IEEE ISM Invited Speakers
Jose C. Principe (IEEE Fellow)
Distinguished Professor, University of Florida, USA
Invited Position Talk Title: A Cognitive Architecture for Object Recognition in Video
Time: 17:00-17:30, Tuesday, Dec. 15, 2015
This talk describes our efforts to abstract from the animal visual system the computational principles to explain images in video. We develop a hierarchical, distributed architecture of dynamical systems that self-organizes to explain the input imagery using an empirical Bayes criterion with sparseness constraints and dual state estimation. The interpretation of the images is mediated through causes that flow top down and change the priors for the bottom up processing. We will present preliminary results in several data sets.

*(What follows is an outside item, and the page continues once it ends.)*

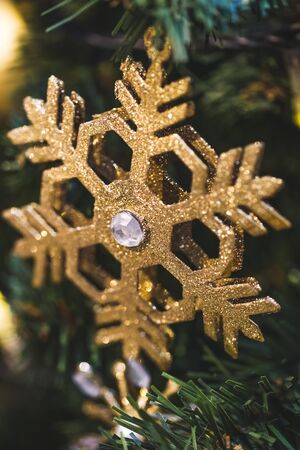 Gold flashing snowflake with diamond close-up as Christmas tree decor
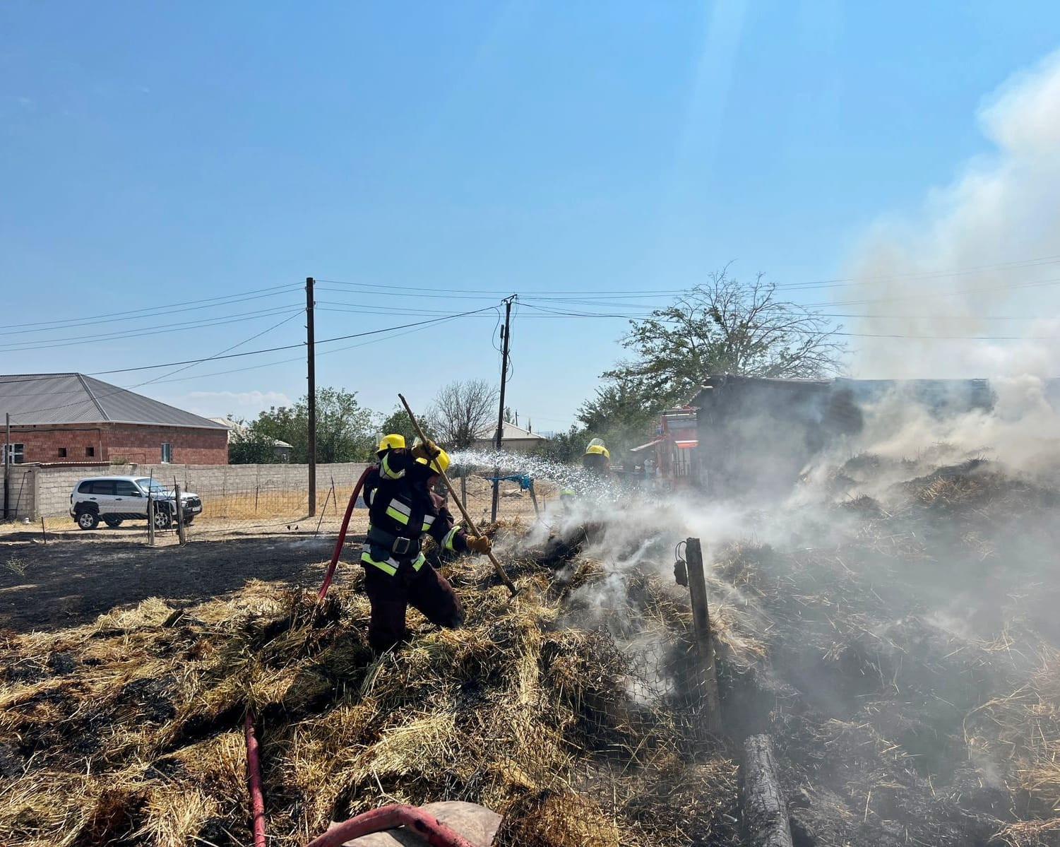Hadisə nəticəsində 6035 kq ot bağlaması və avtomobilin yük hissəsi yanıb, şinləri və digər hissələri, həmçinin vətəndaşa məxsus 1 mərtəbəli fərdi yaşayış evi yanğından mühafizə olunub.

Jose C. Principe (M’83-SM’90-F’00) is a Distinguished Professor of Electrical and Computer Engineering and Biomedical Engineering at the University of Florida where he teaches advanced signal processing, machine learning and artificial neural networks (ANNs) modeling. He is BellSouth Professor and the Founder and Director of the University of Florida Computational NeuroEngineering Laboratory (CNEL) www.cnel.ufl.edu . His primary area of interest is processing of time varying signals with adaptive neural models. The CNEL Lab has been studying signal and pattern recognition principles based on information theoretic criteria (entropy and mutual information).
Dr. Principe is an IEEE Fellow. He was the past Chair of the Technical Committee on Neural Networks of the IEEE Signal Processing Society, Past-President of the International Neural Network Society, and Past-Editor in Chief of the IEEE Transactions on Biomedical Engineering. He is a member of the Advisory Board of the University of Florida Brain Institute. Dr. Principe has more than 600 publications. He directed 81 Ph.D. dissertations and 65 Master theses. He wrote in 2000 an interactive electronic book entitled “Neural and Adaptive Systems” published by John Wiley and Sons and more recently co-authored several books on “Brain Machine Interface Engineering” Morgan and Claypool, “Information Theoretic Learning”, Springer, and “Kernel Adaptive Filtering”, Wiley.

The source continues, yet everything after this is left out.